▸ **THE DATA**:

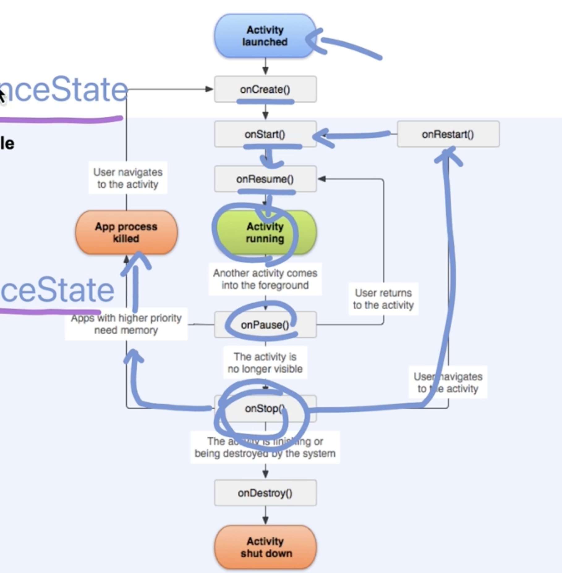Android Activity Lifecycle 인데, 앱은 여러 액티비티가 위 형태로 생기고 없어지면서 작동함.
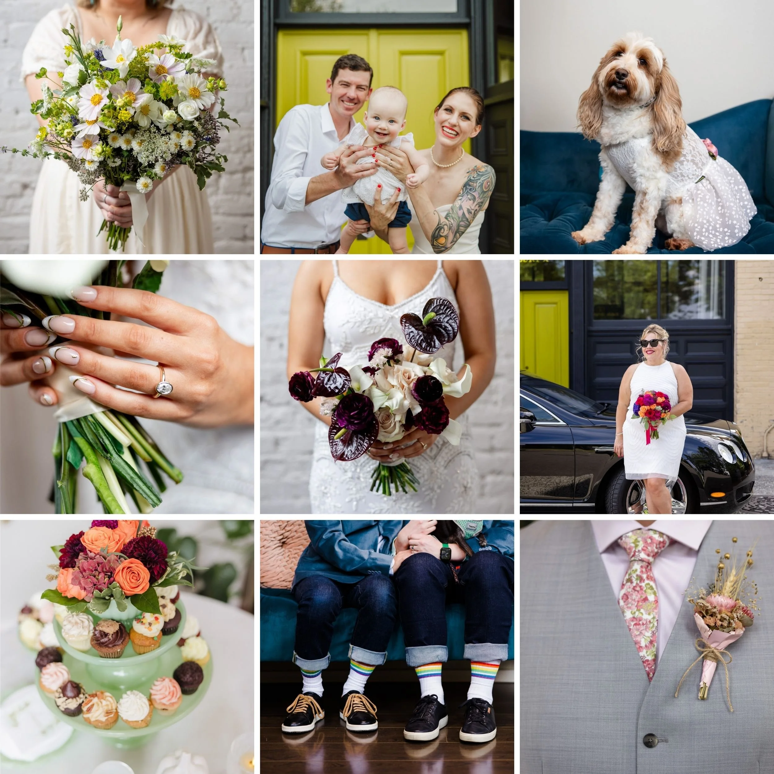 A groom sang to his bride in Korean, a Halloween-themed wedding where even the guests came in Beetle Juice costumes, a bride in cowgirl boots and a groom in a cowboy hat, a groom lovingly learned and delivered his vows in Japanese to his Japanese husband, spectacular vintage cars that have made their way to the venue and into the photos, a couple wearing colorful traditional Nigerian attire, a Lego boutonniere, a bride in an orange dress she made herself..the list goes on and on!
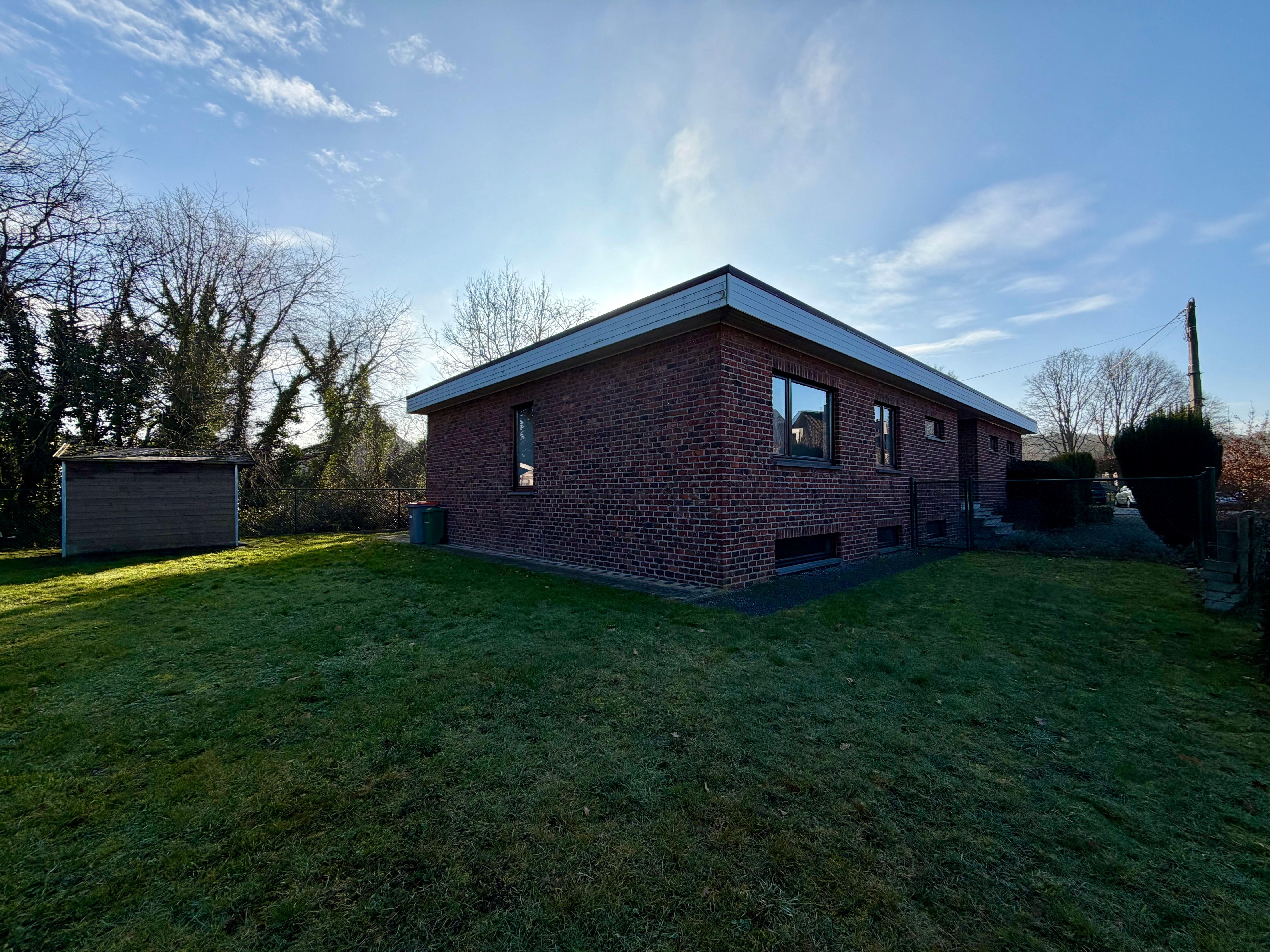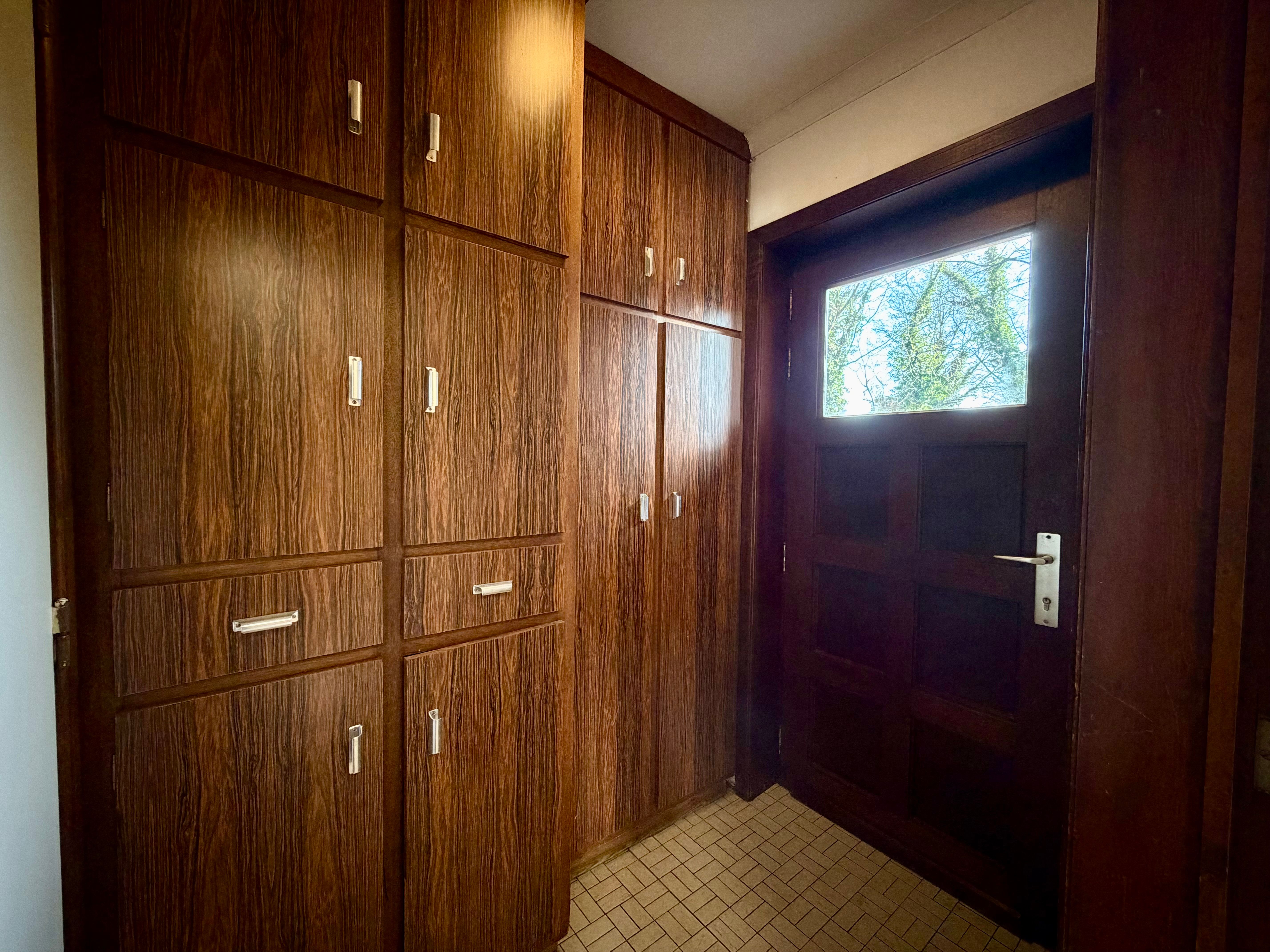 Achter de keuken ligt een handige achterinkom met ingebouwde kasten, ideaal als vestiaire of extra bergruimte. Van hieruit heb je rechtstreeks toegang tot de tuin, een fijne plek om in alle rust te genieten van het buitenleven. Het tuinhuisje biedt bijkomende opbergmogelijkheden voor tuinmateriaal of fietsen.
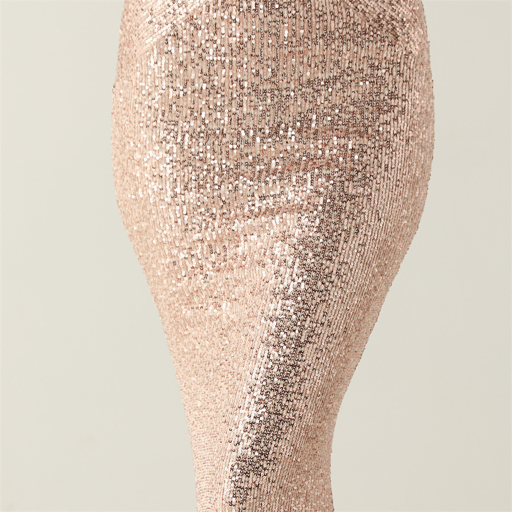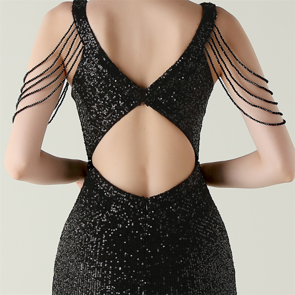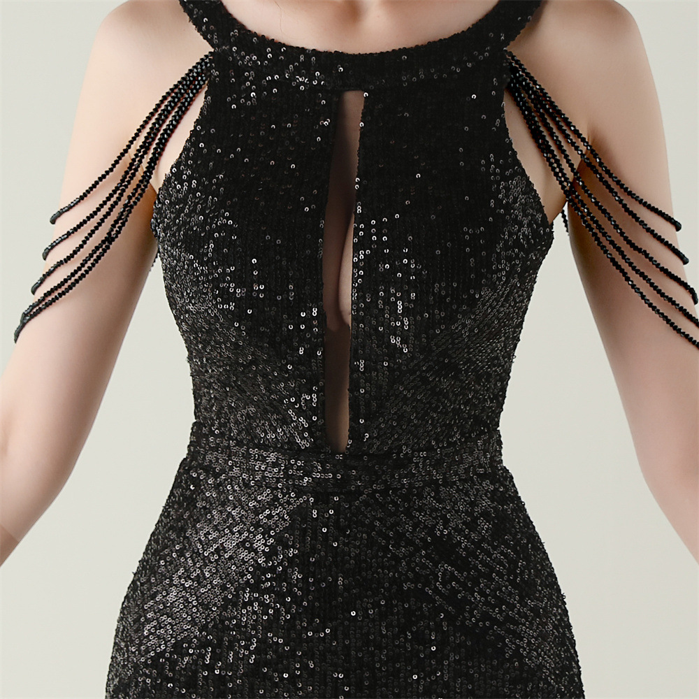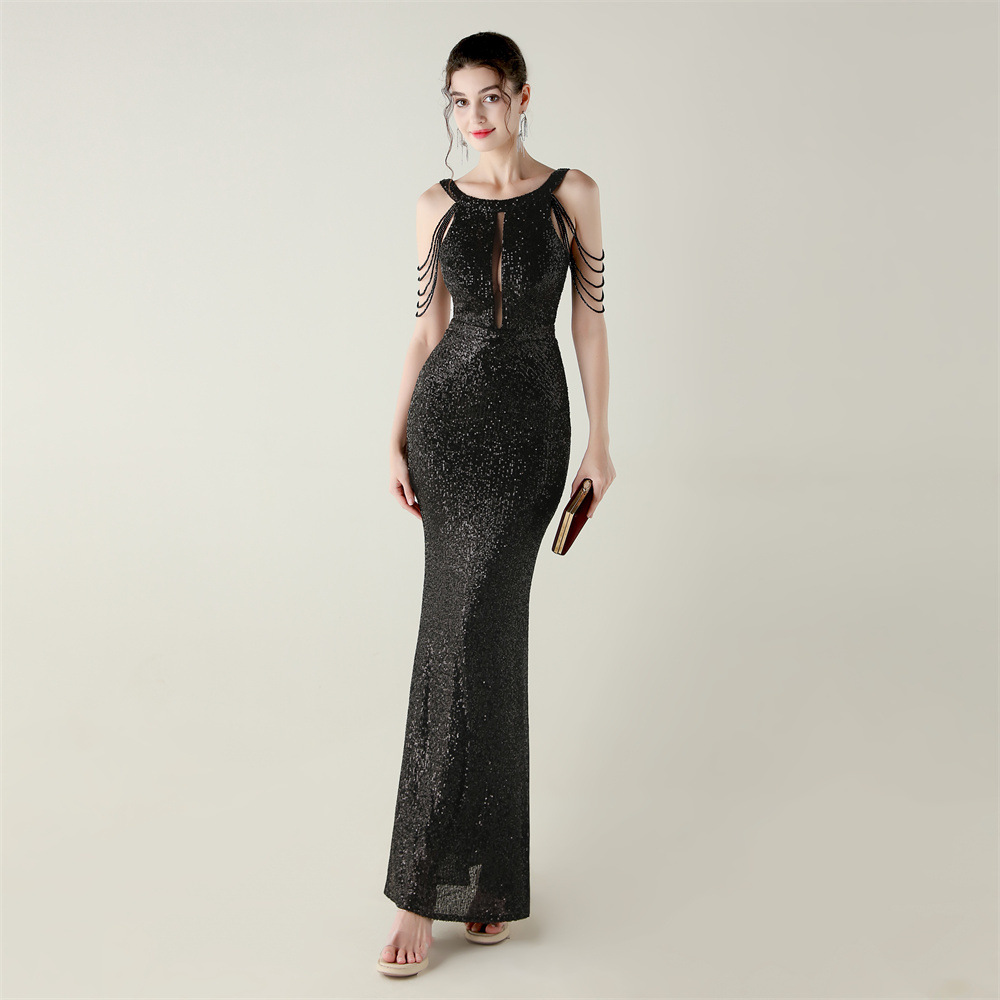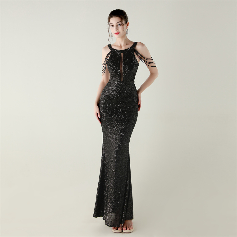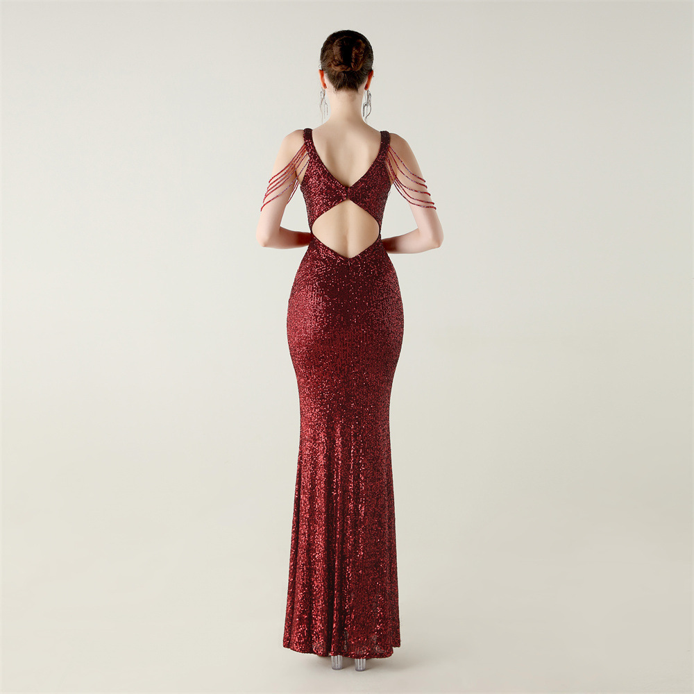 Sequin & Polyester Soft & Slim Long Evening Dress backless & off shoulder patchwork PC

▸ **YOUR TASK**:
The listing should be transcribed in full, exactly, and without its pictures.

▸ **EXERCISE SOLUTION**:
Android Activity Lifecycle 인데, 앱은 여러 액티비티가 위 형태로 생기고 없어지면서 작동함.
 A groom sang to his bride in Korean, a Halloween-themed wedding where even the guests came in Beetle Juice costumes, a bride in cowgirl boots and a groom in a cowboy hat, a groom lovingly learned and delivered his vows in Japanese to his Japanese husband, spectacular vintage cars that have made their way to the venue and into the photos, a couple wearing colorful traditional Nigerian attire, a Lego boutonniere, a bride in an orange dress she made herself..the list goes on and on!
 Achter de keuken ligt een handige achterinkom met ingebouwde kasten, ideaal als vestiaire of extra bergruimte. Van hieruit heb je rechtstreeks toegang tot de tuin, een fijne plek om in alle rust te genieten van het buitenleven. Het tuinhuisje biedt bijkomende opbergmogelijkheden voor tuinmateriaal of fietsen.
 Sequin & Polyester Soft & Slim Long Evening Dress backless & off shoulder patchwork PC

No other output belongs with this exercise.